Here $\Sigma=\mbox{diag}([1,1])$. Fig.\ref{fig:flared_helix_target}
shows the shape of this function. And the integration of this
function is shown to be
\begin{equation}
\int\int\int p(x,y,z)dxdydz=\int\int\int p(x,y|z)dxdy
p(z)dz=\int_{-30}^{30} 1 dz=60
\end{equation}
Treating (\ref{helix_func}) to be $L(y|\theta)p(\theta)$, the
marginal likelihood in this simulation case is then 60.
\begin{figure}[!htb]
\centerline{\includegraphics[width=3in,height=2.4in]{Fig/flared_helix_target}}
\caption{The simulated 3-D flared helix target distribution}
\label{fig:flared_helix_target}
\end{figure}
Before running the proposed Adaptive Annealed IS (AAIS) algorithm,
we select the initial proposal to be a T-mixture that is composed of
10 equally weighted components. The degree of freedom for each T
component is fixed to be 5. The centers of these components are
selected uniformly from a region restricted by
$x\in[-100,100],y\in[-100,100]$ and $z\in[-30,30]$. Then the
covariance matrix for every component is identical to
$\mbox{diag}[\sigma_x^2,\sigma_y^2,\sigma_z^2]$, where $\sigma_a$ is
the standard error of the argument $a$ in the components' centers
that has been just specified.
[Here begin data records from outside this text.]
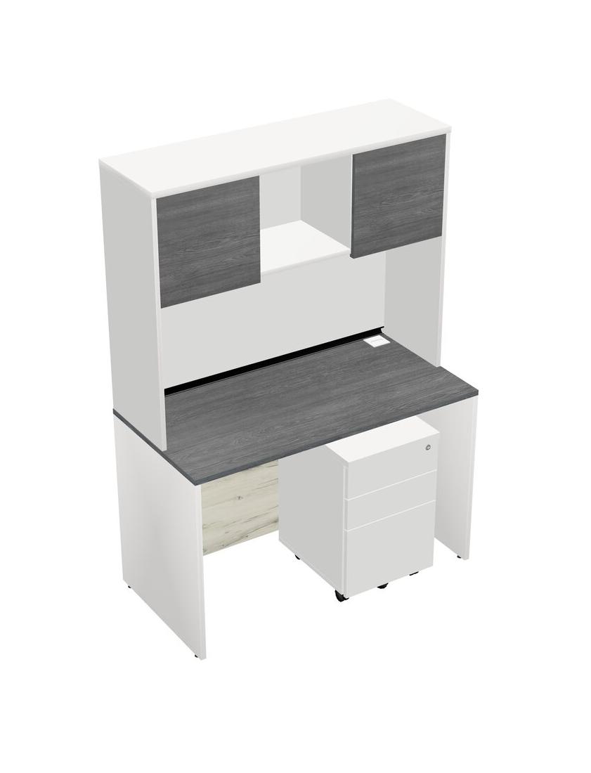 Bureau Rectangulaire Gris Avec Tiroirs Mobiles En Bois Blanc Et Bahut Blanc
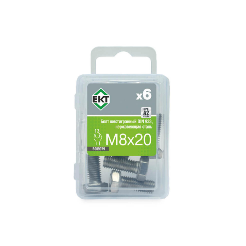 Набор из 6 шестигранных болтов M8x20 мм, изготовленных из нержавеющей стали. Соответствует стандарту DIN 933. Упаковка весом 0.086 кг.
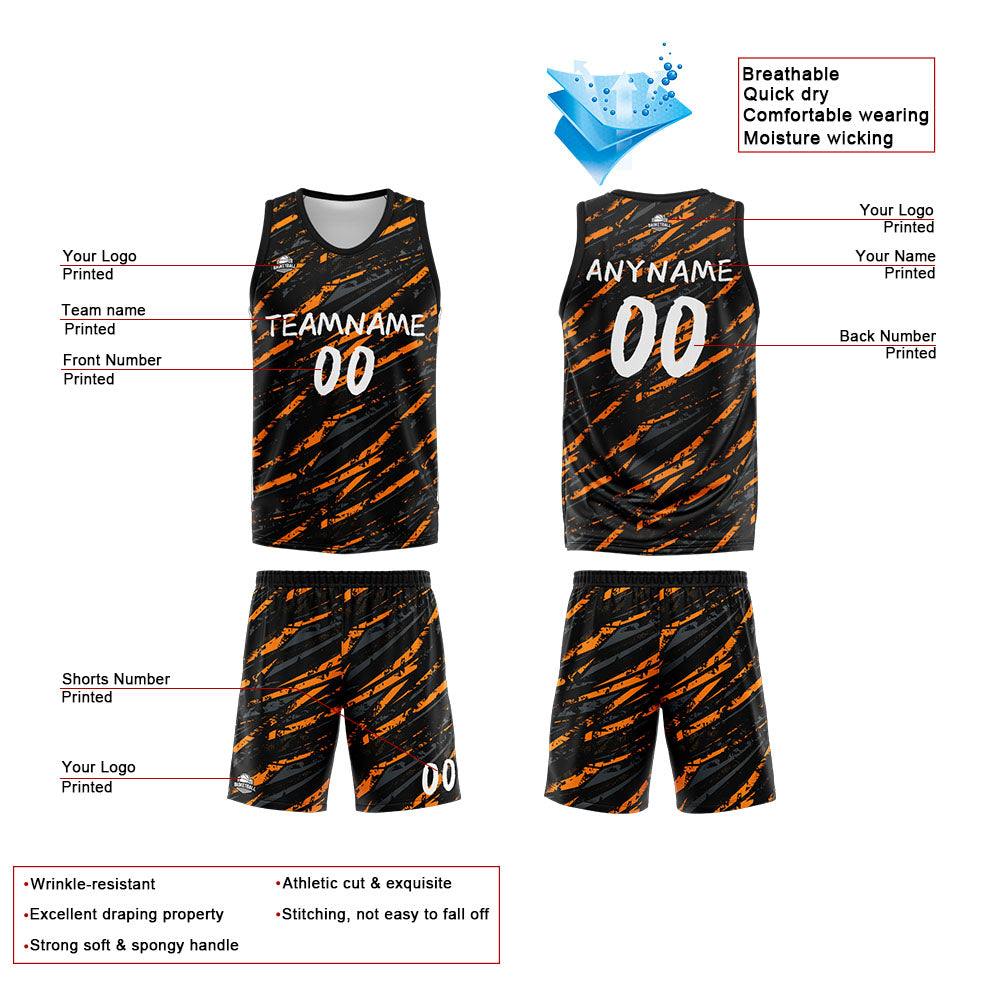 Benutzerdefinierte Reversible Basketball Jersey Personalisierte Print Name Nummer Logo Schaden-Orange
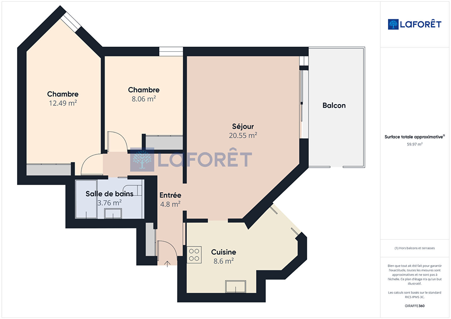 Au 5e étage d'une résidence avec ascenseur, découvrez ce F3 de 60 m², prêt à vous accueillir.

The particle size $N=2000$,
$\lambda_t=0.1t$, and $t=1,\ldots,10$.
The adaptive mixture importance sampling (AMIS) approach
\cite{cappe2008ais} is involved for performance comparison. We
initialize it using the same setting as for the AAIS, and let it run
10 iterations to give the final mixture importance function.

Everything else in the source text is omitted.